Hi!
I would like to build a ZIM file of the Simple English Wikipedia including the full resolution images for educational use in a region without reliable Internet access.
So far as I can tell, I would need to:
* grab a copy of the current dump and use something like http://meta.wikimedia.org/wiki/Wikix to populate it with images
* set it up to be served via HTTP, possibly by importing into a local mediawiki instance
...alternatively:
* http://www.nongnu.org/wp-mirror/
And then:
* spider the whole thing into html/images using curl/wget
* use Zimwriter+buildZimFromDirectory as per here: https://openzim.org/Build_your_ZIM_file
Good plan? Better plan? Is there a flag on any of this to limit things to redistributable images so I can add a torrent for the resulting (est. 50-60Gb) file to the kiwix site?
Best, Jason Skomorowski
Just a quick answer before someone who actually is knowledgeable can help you: I think people dumping from a live MediaWiki just use InstantCommons https://www.mediawiki.org/wiki/InstantCommons
Nemo
Thanks, hadn't heard about InstantCommons. So the idea is to set up the dump locally in mediawiki with that and it will be populated as I wget it?
Seems like that API has some bandwidth limitations built-in...
J
On 12-10-10 02:51 PM, Federico Leva (Nemo) wrote:
Just a quick answer before someone who actually is knowledgeable can help you: I think people dumping from a live MediaWiki just use InstantCommons https://www.mediawiki.org/wiki/InstantCommons
Nemo
Offline-l mailing list Offline-l@lists.wikimedia.org https://lists.wikimedia.org/mailman/listinfo/offline-l
Jason Skomorowski, 10/10/2012 20:58:
Thanks, hadn't heard about InstantCommons. So the idea is to set up the dump locally in mediawiki with that and it will be populated as I wget it?
No wget, you'd be exporting it with something like dumpHTML from your wiki installation, MediaWiki caches only thumbs. But again, don't trust me. ;-)
Seems like that API has some bandwidth limitations built-in...

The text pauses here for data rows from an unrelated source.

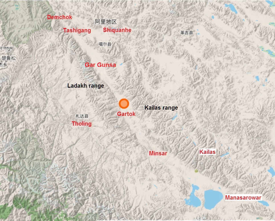 Gartok (Tibetan: སྒར་ཐོག, Wylie: sGar-thog) is made of twin encampment settlements of Gar Günsa and Gar Yarsa (Tibetan: སྒར་དབྱར་ས, Wylie: sGar-dbyar-sa, Wade–Giles: Ka-erh-ya-sha) in the Gar County in the Ngari Prefecture of Tibet. Gar Gunsa served as the winter encampment and Gar Yarsa as the summer encampment. But in British nomenclature, the name Gartok was applied only to Gar Yarsa and the practice continues to date. Gartok was established as Lhasa's administrative headquarters for Western Tibet (Ngari) after it conquered it from Ladakh in 1684. A senior official called Garpön was stationed here. Gartok (Gar Yarsa) also served as Western Tibet's principal trade-market. But the village itself was small and is said to have been quite poor. After the Chinese annexation of Tibet, the headquarters of Western Tibet was moved to Shiquanhe. Gar Yarsa is situated on the bank of the Gartang River, one of the headwaters of the Indus River, at the base of the Kailash Range, at an elevation of 4,460 metres (14,630 ft).
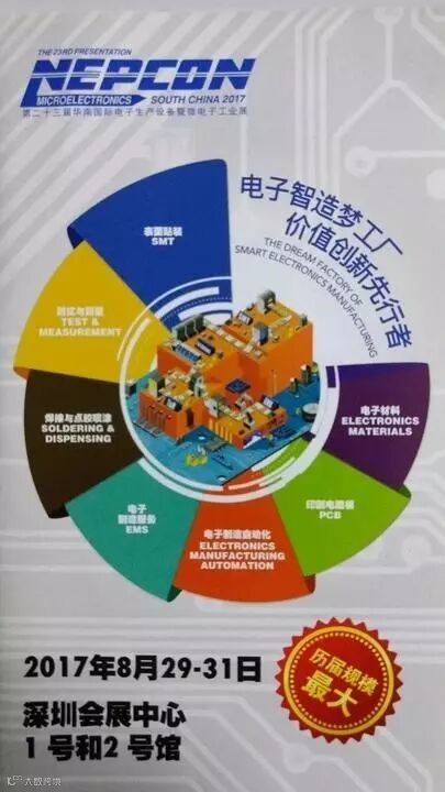 2017年8月29-31日,第二十三届华南国际电子生产设备暨微电子工业展(NEPCON South China 2017)将在深圳会展中心1号馆和2号馆隆重拉开帷幕。
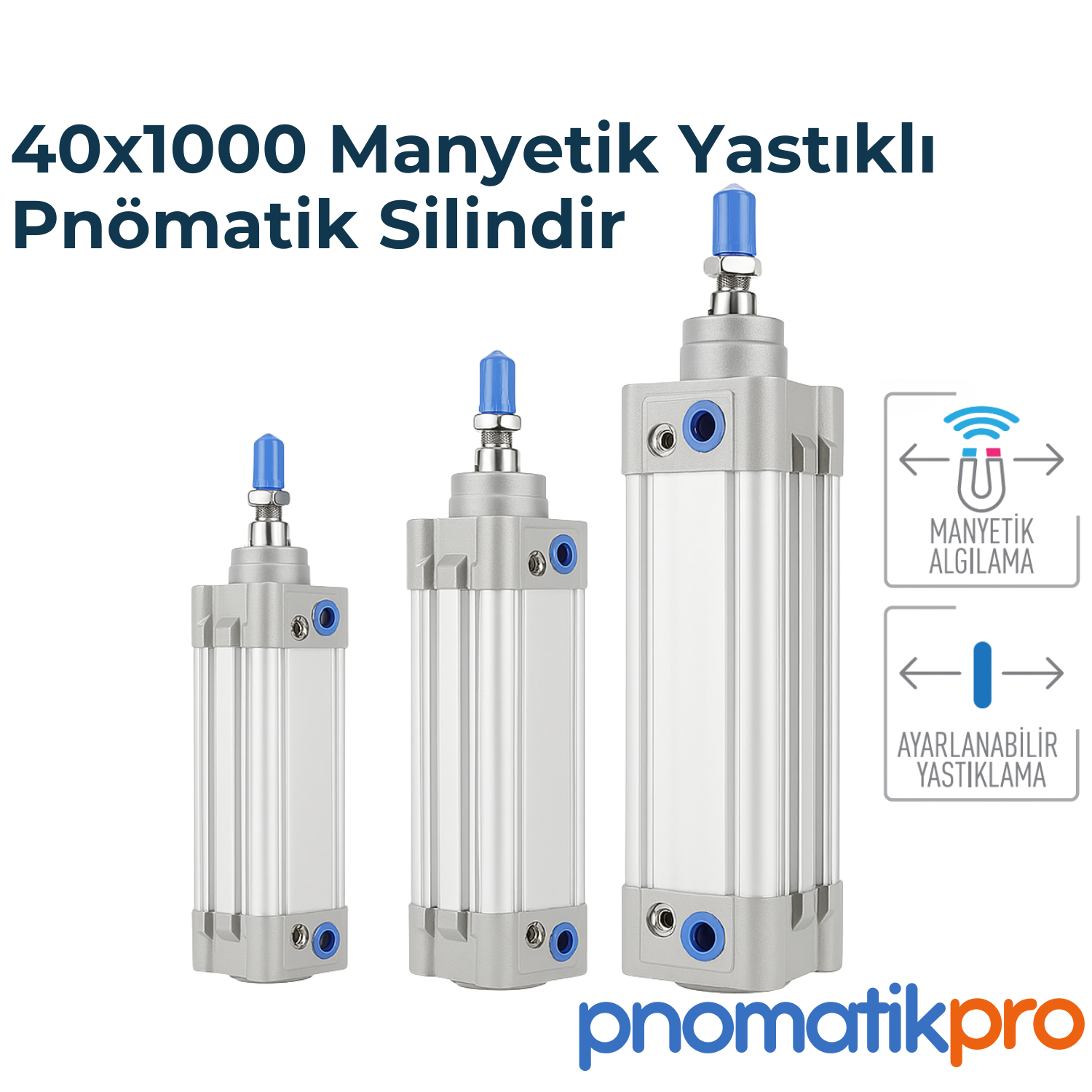 40x1000 Pnömatik silindirler, endüstriyel otomasyon uygulamalarında yüksek tekrarlanabilirlik ve stabil performans için tasarlanmış manyetik yastıklı pnömatik silindir serisidir. Ø40 mm piston çapı ile 1000 mm strok sunar; manyetik piston sayesinde sensörlerle konum algılama yapılabilir.
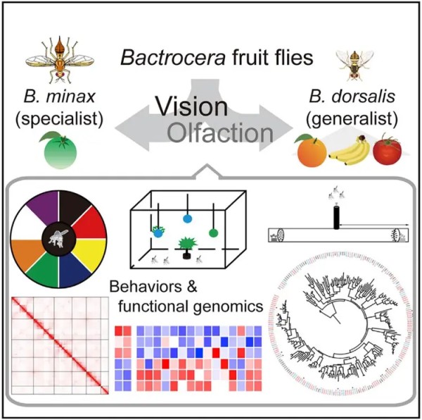 昆虫是地球上生物多样性最为丰富的动物类群。近日,华中农业大学牛长缨教授团队与中国科学院分子植物科学卓越创新中心詹帅研究员团队合作,以专食性柑橘大实蝇和多食性橘小实蝇为研究对象,综合利用基因组学、比较转录组学、行为学和分子遗传学等手段,解析了两种近缘种实蝇行为与食性差异的分子机理。
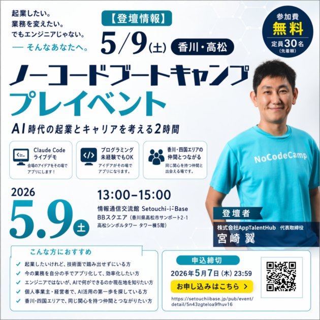 - 香川県「AI×ノーコード ブートキャンプ 2026」の企画・運営・講師を担当
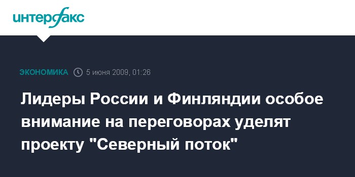 Лидеры России и Финляндии особое внимание на переговорах уделят проекту "Северный поток"
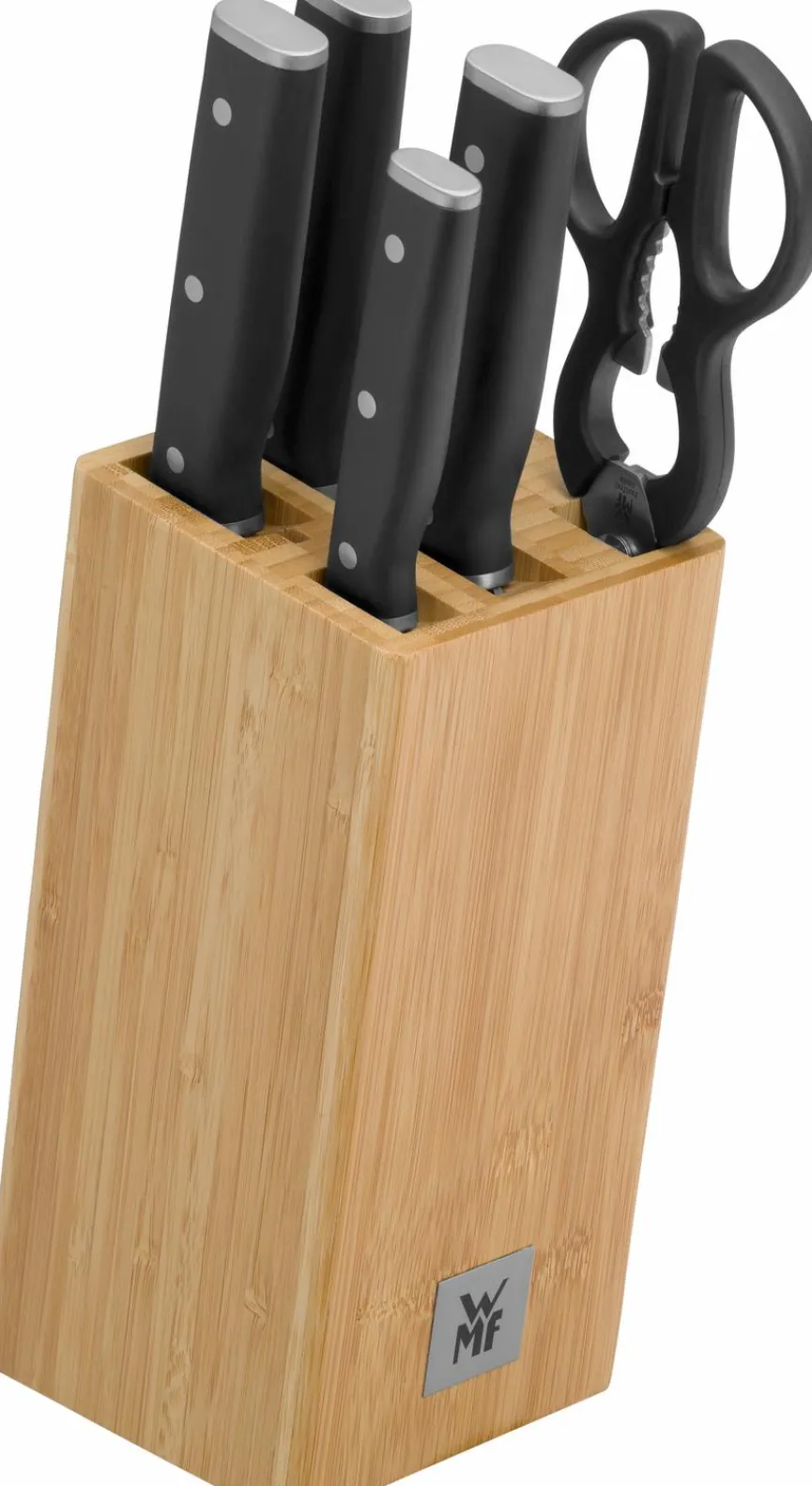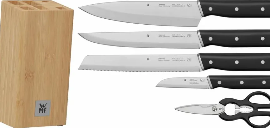 - Artikel beinhaltet je 1x Messerblock, Kochmesser 20 cm, Gemüsemesser 9 cm, Brotmesser 20 cm mit Doppelwellenschliff, Fleischmesser 20 cm und Küchenschere
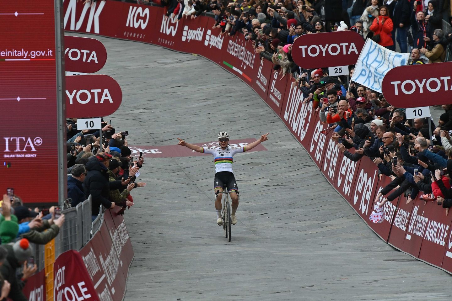 Lotte Kopecky (Team SD Worx) vince la decima edizione della Strade Bianche Women Elite Crédit Agricole, da Siena a Siena (Piazza del Campo) di 137 km. Sul traguardo finale nell’iconica piazza, la Campionessa del Mondo ha preceduto Elisa Longo Borghini (Lidl – Trek) e Demi Vollering (Team SD Worx).
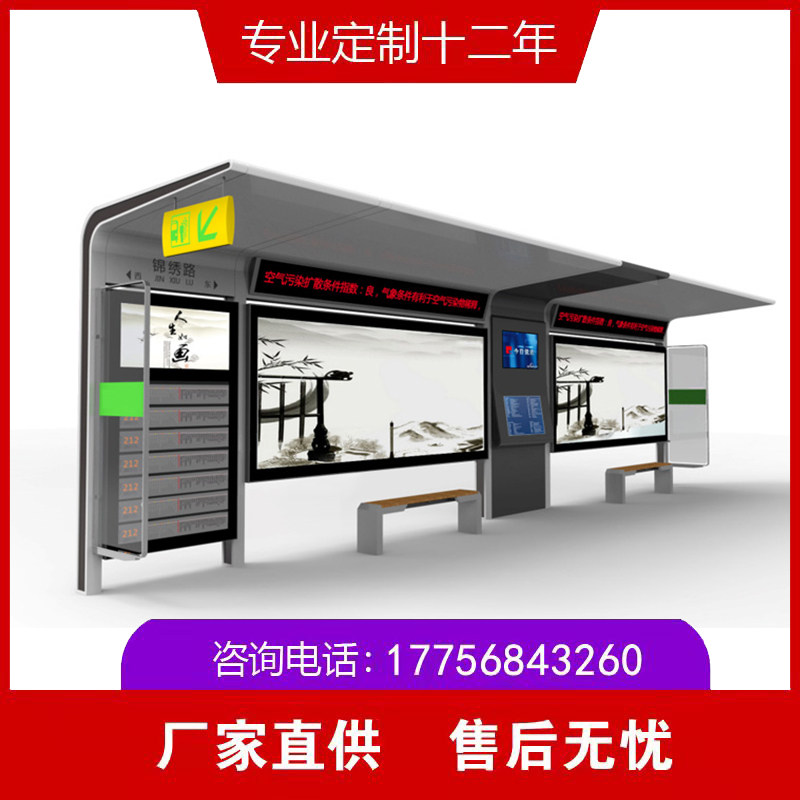 Hot Pin Smart Waiting Booth New Modern City Bus Platform Stainless Steel Propaganda Bar Station Card Maker
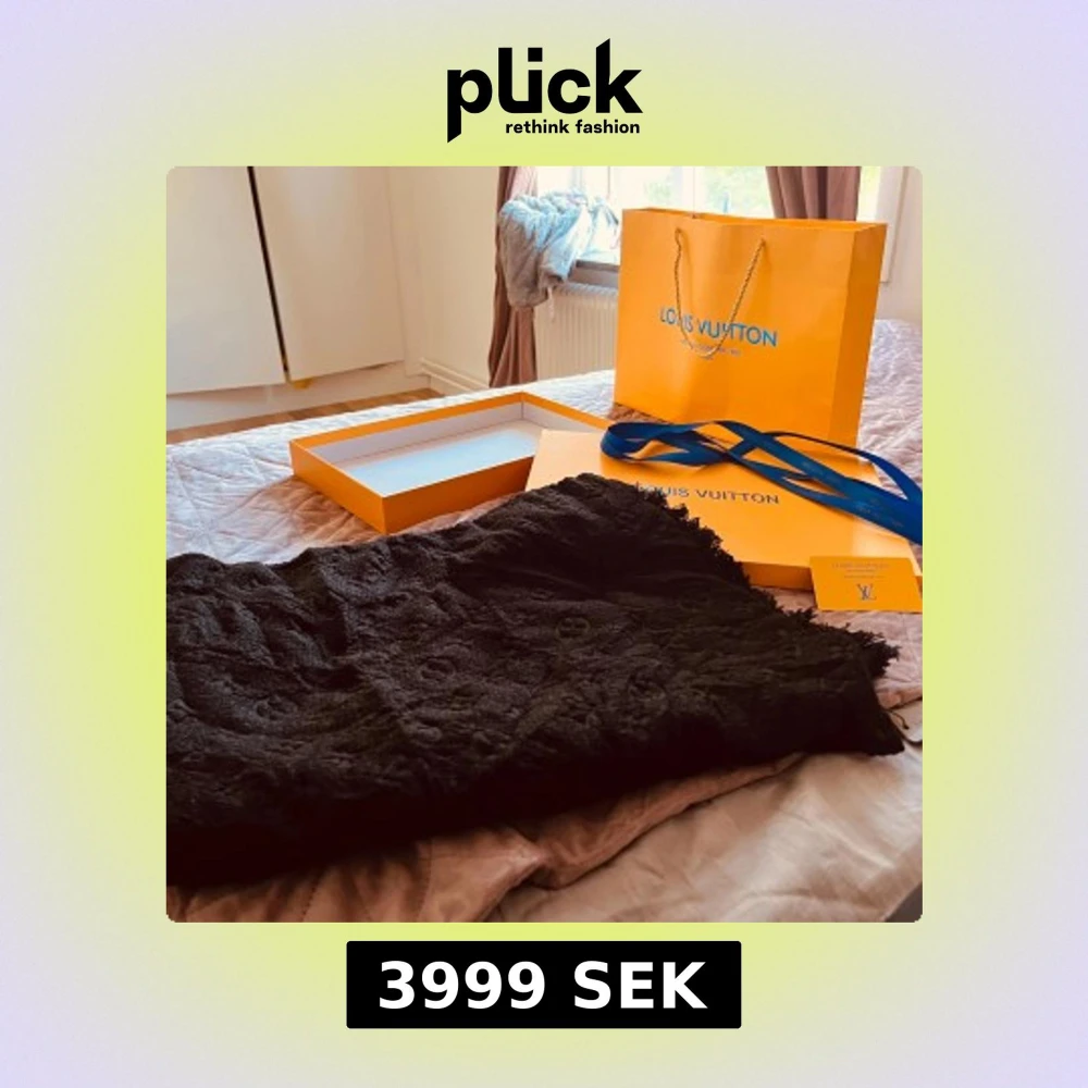 Exklusiv svart halsduk från Louis Vuitton med ikoniskt LV-mönster i tyget och fransade kanter. Halsduken är mjuk och lyxig, perfekt för att lyfta vilken outfit som helst. Kommer med originalbox, påse och certifikat.
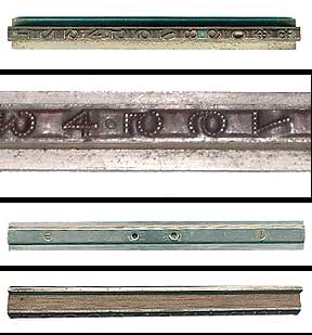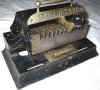 Perforator Attachment for Odell Typewriter Typewriter Patented 1889-90 ~ Typewriter & Perforator Advertised 1890-92 Odell Typewriter Co., Chicago, IL 1890 Price for Typewriter and Perforator Attachment $20 (double case typewriter) or $15 (single case) Photos right show the parts of the attachment. According to an 1891 ad, the Odell was "the only typewriter in the world having a check perforator attachment."  |

Somehow, but you'd also probably not download the biggest resolution etc.
Nemo
Dear Jason, In regards to WP-MIRROR, version 0.4 is currently in development and, when ready, will install the 'simple' wiki by default. A key design objective of v0.4 is to completely automate the configuration of its dependencies (MySQL, MediaWiki, cURL, etc). The idea is that it should 'just work'. If you are pressed for time, you can try using version 0.3. But, as other users have remarked, it requires a fair bit of configuration of dependencies. Please see the discussion on http://lists.nongnu.org/archive/html/wp-mirror-list/. In regards to disk space, I have a laptop that mirrors the 'simple' wiki. Images and data currently occupy a bit under 50G. Of course this will grow over time as contributors add to the 'simple' wiki.
Sincerely Yours, Kent
On 10/10/12, Jason Skomorowski jason@skomorowski.net wrote:
Hi!
I would like to build a ZIM file of the Simple English Wikipedia including the full resolution images for educational use in a region without reliable
Internet access.
So far as I can tell, I would need to:
<snip>
...alternatively:
<snip>
Good plan? Better plan? Is there a flag on any of this to limit things to redistributable images so I can add a torrent for the resulting (est. 50-60Gb) file to the kiwix site?
<snip>
Thanks for that Kent, especially the size info, helped me provision. And for building it!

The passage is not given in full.